>>>

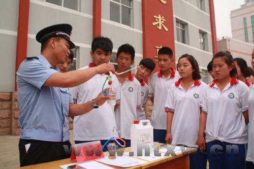 在吸毒工具的展示台前,索镇派出所民警向同学们详细介绍了收缴的部分吸毒工具。“咱有时候抽烟,抽一支扔了,一辈子可能不再吸了,但是冰毒只要你吸一次就可以成瘾。所以大家一定要远离冰毒,远离毒品。”县公安局刑侦大队一中队民警王强介绍说。
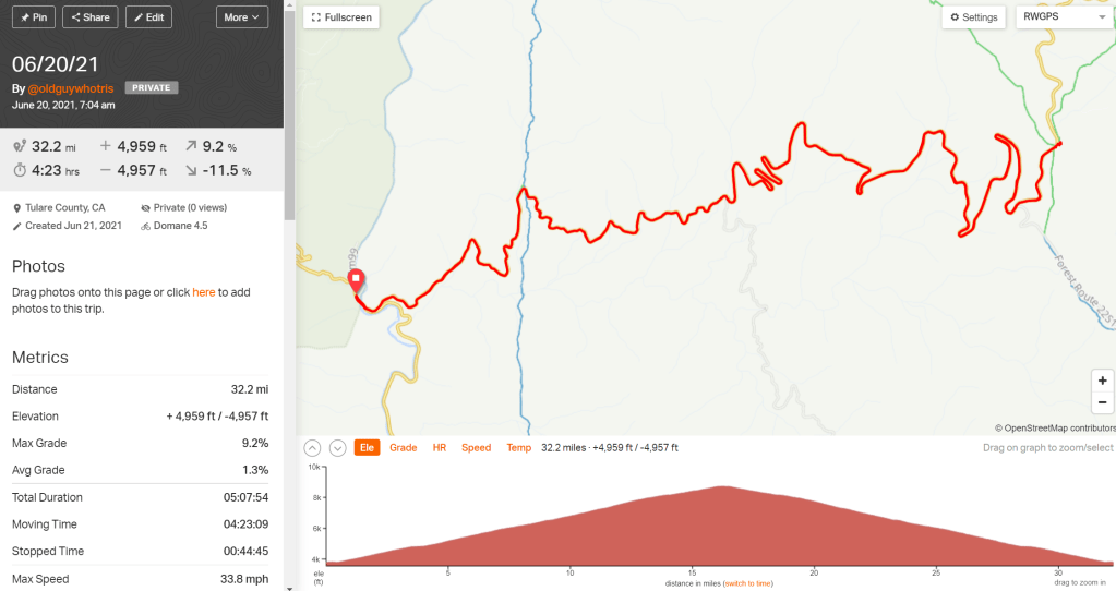 The theme this year is “Unfinished Business.” I have headed back up to the Sierras to finally check the boxes on the 10 hardest cycling climbs in California. There are three left to complete and today was #4 hardest on the list. Sherman Pass is a 15.5 mile climb that will ascend 5,305 feet up to 9,200 feet above sea level. And…a climb it is. There is not one downhill section in those 15.5 miles. It is all grind all day until you turn around and descend.
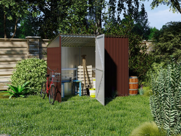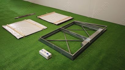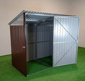 Сборка хозблока осуществляется при помощи болтов и саморезов. Все детали изготавливаются разборными, профлист нарезан на части. Компактно упакован и может перевозиться на багажнике легкового автомобиля.
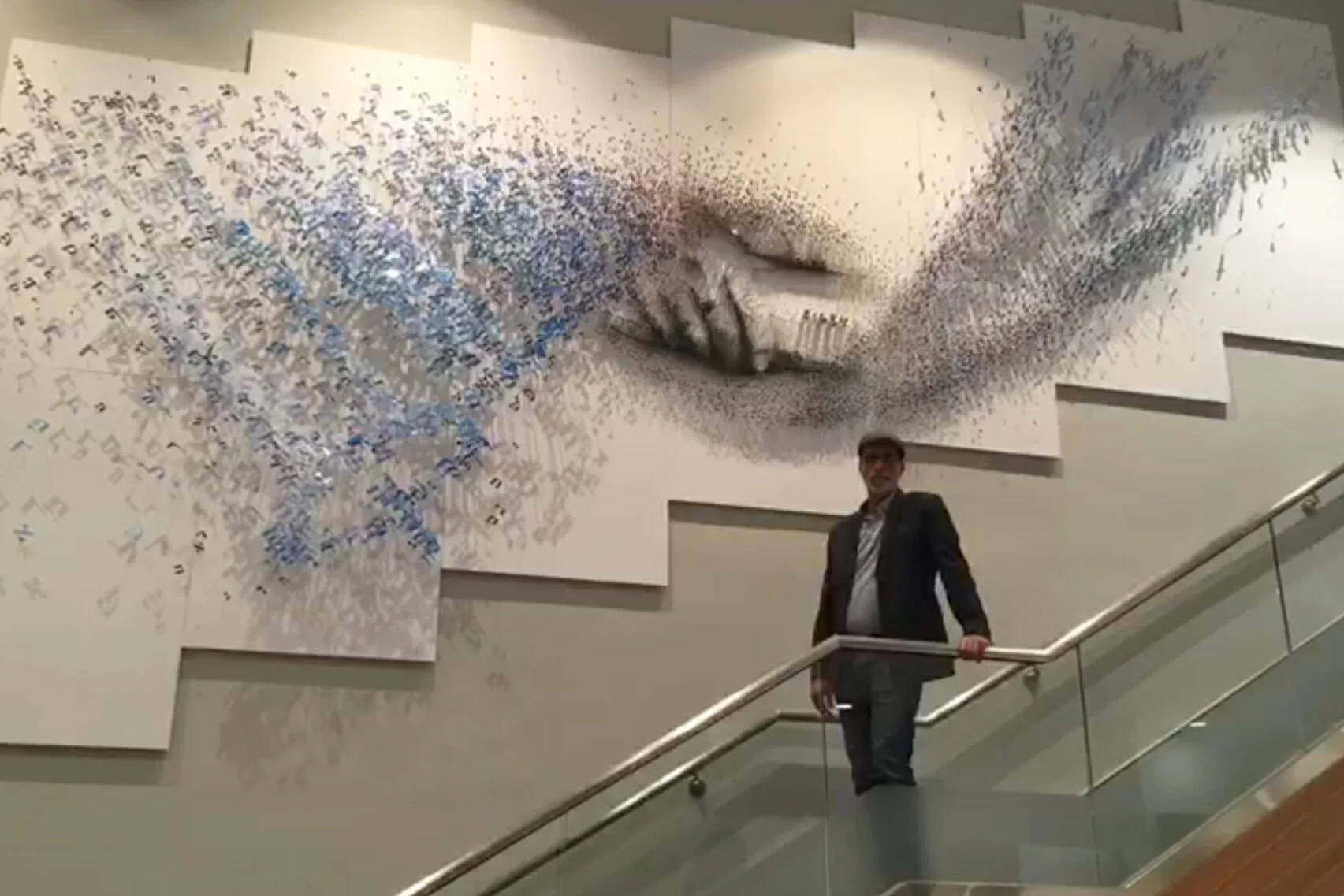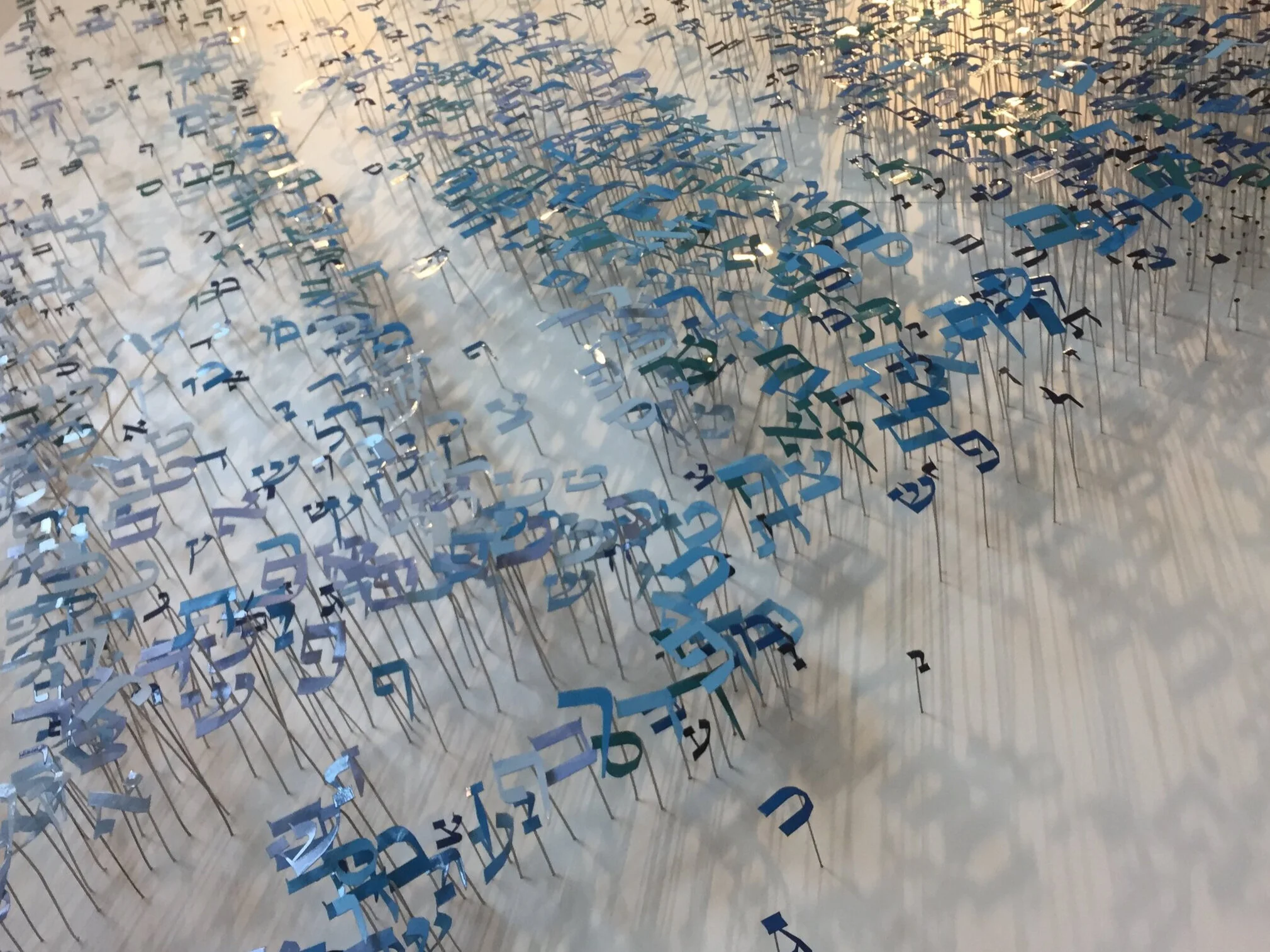 Yet we are also known as a persecuted people, though this, too, unified us. The sefer Torah in the art work depicts both sides of this equation, the glory and the nightmare. Our experience fluctuates between these two valences, now one, now the other. The Hebrew letters, shown here forming the Torah, exists as it were almost independently of ourselves. In more recent times we have passed through the holocaust in which an attempt was made to wipe out not only our physical existence but also our culture. Now our fortune has changed in the image of Israel, created out of those same letters. Like the mythical bird, the phoenix, that is burnt but arises again out of its own ashes, the Jewish people is thus reborn in the shape of a vibrant Jewish state.

<<<

▸ **YOUR ASSIGNMENT**:
Repeat the listing above from its first line through the line that contains "The theme this", both included, and nothing more. Drop the pictures.

▸ **OUTPUT BELOW**:
 在吸毒工具的展示台前,索镇派出所民警向同学们详细介绍了收缴的部分吸毒工具。“咱有时候抽烟,抽一支扔了,一辈子可能不再吸了,但是冰毒只要你吸一次就可以成瘾。所以大家一定要远离冰毒,远离毒品。”县公安局刑侦大队一中队民警王强介绍说。
 The theme this year is “Unfinished Business.” I have headed back up to the Sierras to finally check the boxes on the 10 hardest cycling climbs in California. There are three left to complete and today was #4 hardest on the list. Sherman Pass is a 15.5 mile climb that will ascend 5,305 feet up to 9,200 feet above sea level. And…a climb it is. There is not one downhill section in those 15.5 miles. It is all grind all day until you turn around and descend.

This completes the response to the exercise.